Restate the listing below word for word, pictures excluded.
==== Data provided
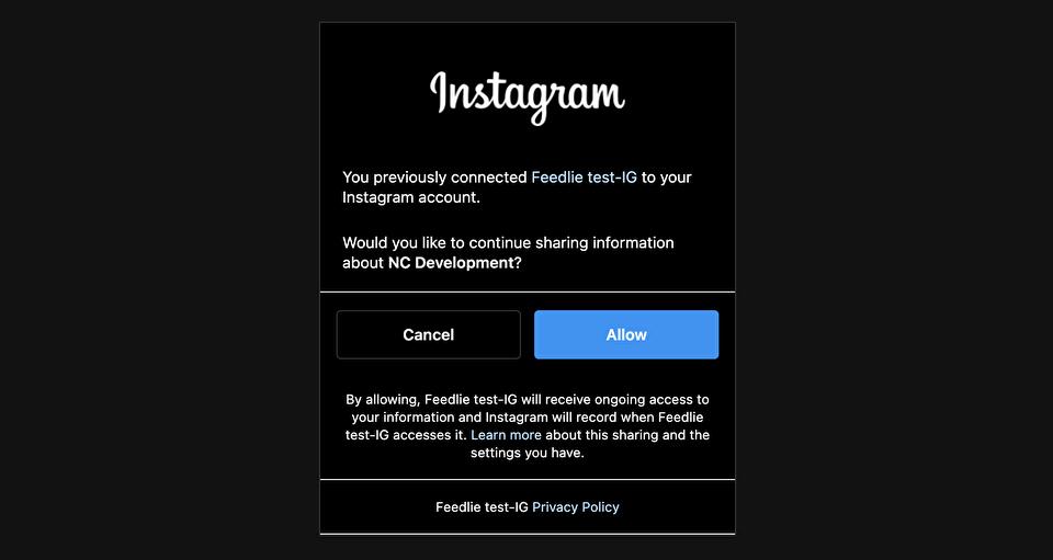 Stap 5: Sta vervolgens toe dat Feedlie toegang krijgt tot je social media account.
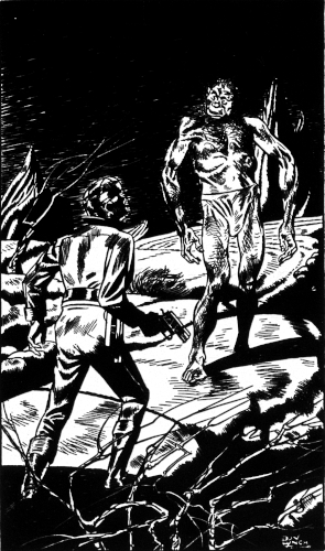With incredible strength he tore away the protecting mass of his space suit. The cold wind hit him, knifed him through and through. And he stepped forward. Walking, walking, and suddenly his great hands rose aloft in an agony of sorrow. His mighty voice bellowed above the elements of loneliness, of despair. And always, those grotesque, storm-swept, misshapen creatures fastened their wet, glistening eyes upon him and in the depths of them displayed rage as he displayed it; despair as he displayed it. And when he pounded his clenched fists in powerful blows upon his resounding chest, they pounded their gnarled limbs upon their shrunken chests in powerful mimicry.
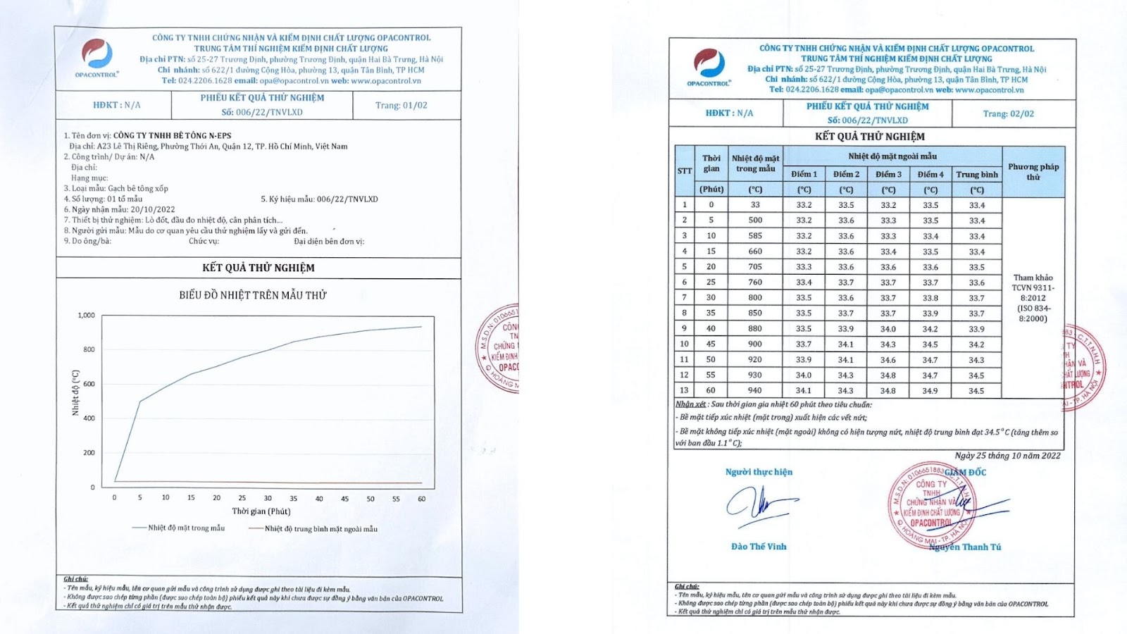 Hình. Kết quả test sau khi gia nhiệt mặt trước 1000 độ C thì mặt sau của tường bê tông nhẹ eps chỉ tăng có 1.1 độ C so với nhiệt độ ban đầu.
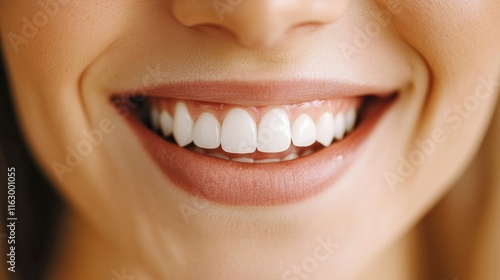 Fototapeta premium Smiling woman showcasing bright teeth and joyful expression reflecting...
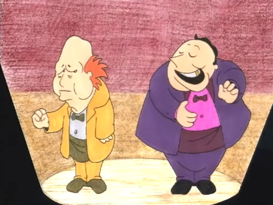 Animation | An opera house is full when an operatic tenor sings, but it becomes empty when his partner (of lesser musical talent) attempts to sing. On their way home, the tenor and his partner become stuck on the freeway, where the lanes are full - but all it takes to make them empty is some bad singing. Animator: Gene Barretta |
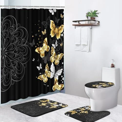 4 Piece Shower Curtain Set, Black Mandala Flowers Gold Black Butterfly
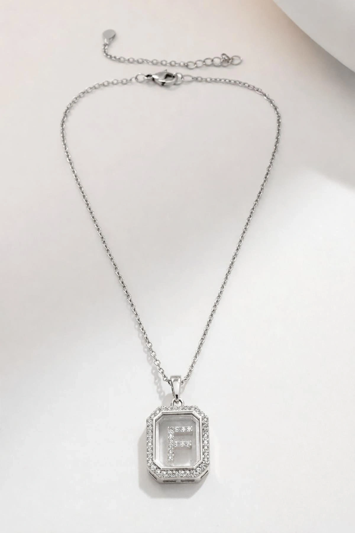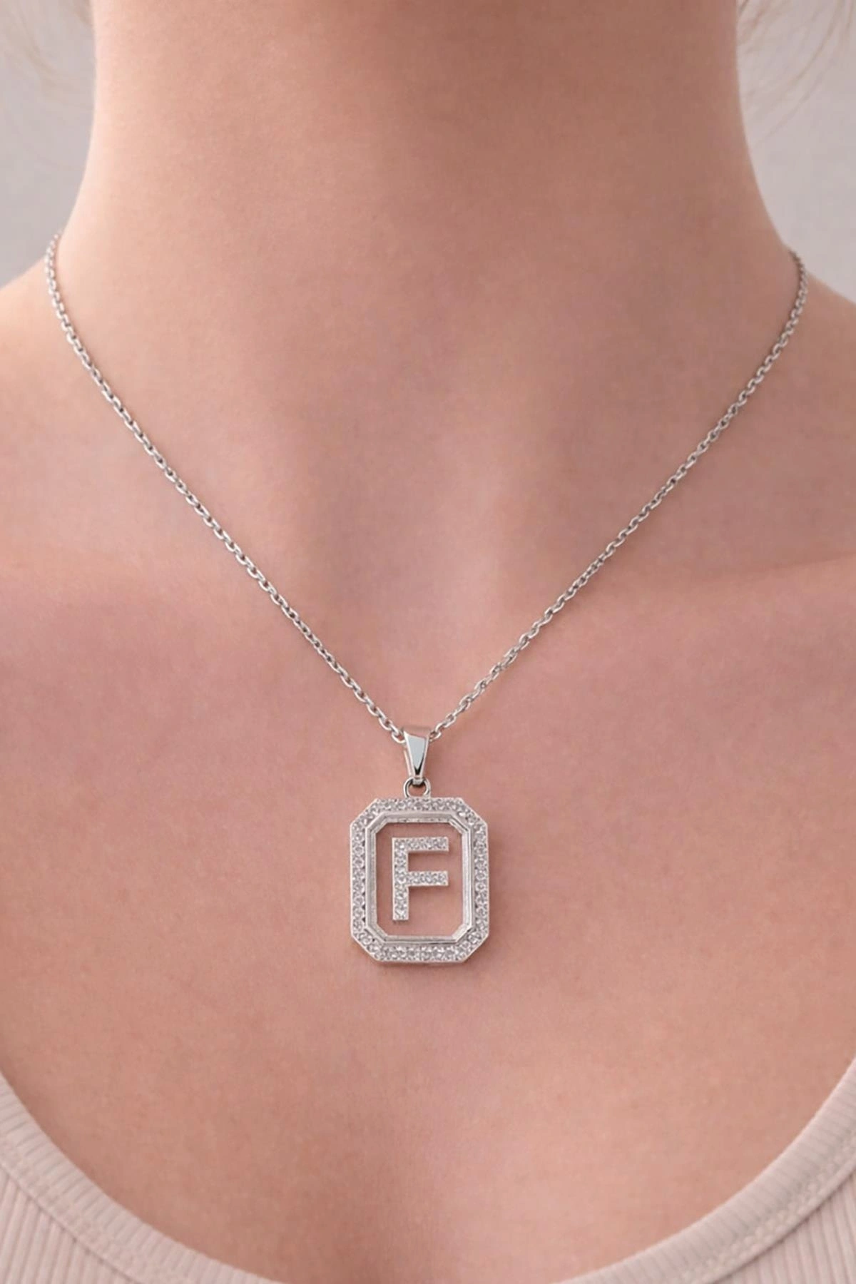 Gümüş Renk F Harf Taş Detaylı Çelik Kolye
========
The answer –
 Stap 5: Sta vervolgens toe dat Feedlie toegang krijgt tot je social media account.
With incredible strength he tore away the protecting mass of his space suit. The cold wind hit him, knifed him through and through. And he stepped forward. Walking, walking, and suddenly his great hands rose aloft in an agony of sorrow. His mighty voice bellowed above the elements of loneliness, of despair. And always, those grotesque, storm-swept, misshapen creatures fastened their wet, glistening eyes upon him and in the depths of them displayed rage as he displayed it; despair as he displayed it. And when he pounded his clenched fists in powerful blows upon his resounding chest, they pounded their gnarled limbs upon their shrunken chests in powerful mimicry.
 Hình. Kết quả test sau khi gia nhiệt mặt trước 1000 độ C thì mặt sau của tường bê tông nhẹ eps chỉ tăng có 1.1 độ C so với nhiệt độ ban đầu.
 Fototapeta premium Smiling woman showcasing bright teeth and joyful expression reflecting...
 Animation | An opera house is full when an operatic tenor sings, but it becomes empty when his partner (of lesser musical talent) attempts to sing. On their way home, the tenor and his partner become stuck on the freeway, where the lanes are full - but all it takes to make them empty is some bad singing. Animator: Gene Barretta |
 4 Piece Shower Curtain Set, Black Mandala Flowers Gold Black Butterfly
 Gümüş Renk F Harf Taş Detaylı Çelik Kolye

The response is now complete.